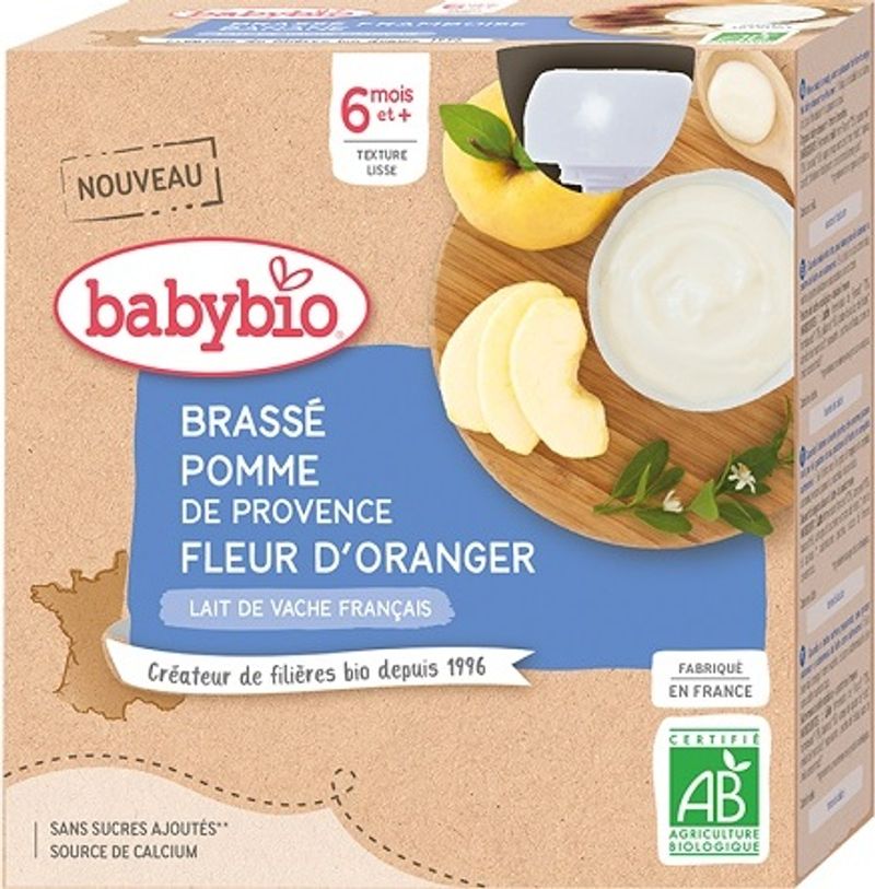 Introducing the Organic Provence Apple and Orange Blossom Yogurt from Babybio, a delightful French treat for your little ones. Made with 63% fermented milk from the lush pastures of France, 28% Provence apples, cassava starch, orange blossom extract, and a dash of concentrated lemon juice from Spain, this yogurt is both delicious and nutritious. Every spoonful promises a perfect blend of creamy yogurt and sun-ripened fruits, all sourced from organic farming. This yogurt not only satisfies your baby's taste buds but also offers essential nutrients for their growing needs.
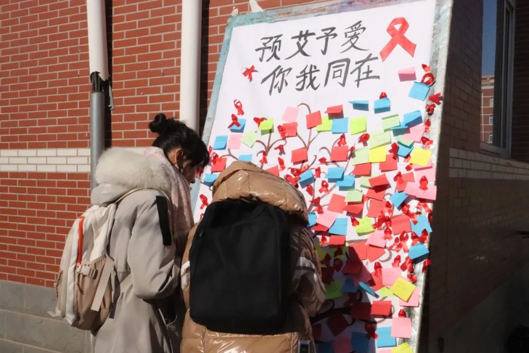 236爱心社帮助大家拍摄视频,通过视频记录和传播对艾滋病病人的尊重与鼓励;“励耕”青协的与“艾”同行和为“艾”传递环节,大家有的在便签上写下祝福,有的则通过在贴满红丝带的树形版前拍摄祝福视频,为艾滋病患者送上自己的爱。
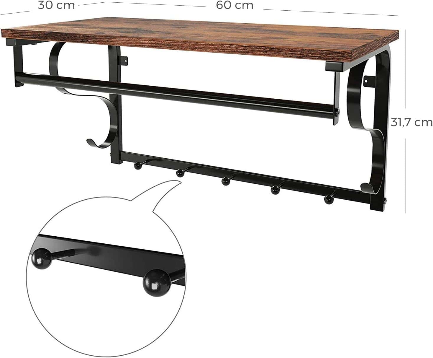 VASAGLE Cuier de perete cu raft de depozitare si sina, 5 carlige, 30x60x32 cm, maro rustic Mob360

※

* **Assignment**
All of the data, minus its pictures, should be repeated exactly.

* **Solution for this problem**
 Introducing the Organic Provence Apple and Orange Blossom Yogurt from Babybio, a delightful French treat for your little ones. Made with 63% fermented milk from the lush pastures of France, 28% Provence apples, cassava starch, orange blossom extract, and a dash of concentrated lemon juice from Spain, this yogurt is both delicious and nutritious. Every spoonful promises a perfect blend of creamy yogurt and sun-ripened fruits, all sourced from organic farming. This yogurt not only satisfies your baby's taste buds but also offers essential nutrients for their growing needs.
 236爱心社帮助大家拍摄视频,通过视频记录和传播对艾滋病病人的尊重与鼓励;“励耕”青协的与“艾”同行和为“艾”传递环节,大家有的在便签上写下祝福,有的则通过在贴满红丝带的树形版前拍摄祝福视频,为艾滋病患者送上自己的爱。
 VASAGLE Cuier de perete cu raft de depozitare si sina, 5 carlige, 30x60x32 cm, maro rustic Mob360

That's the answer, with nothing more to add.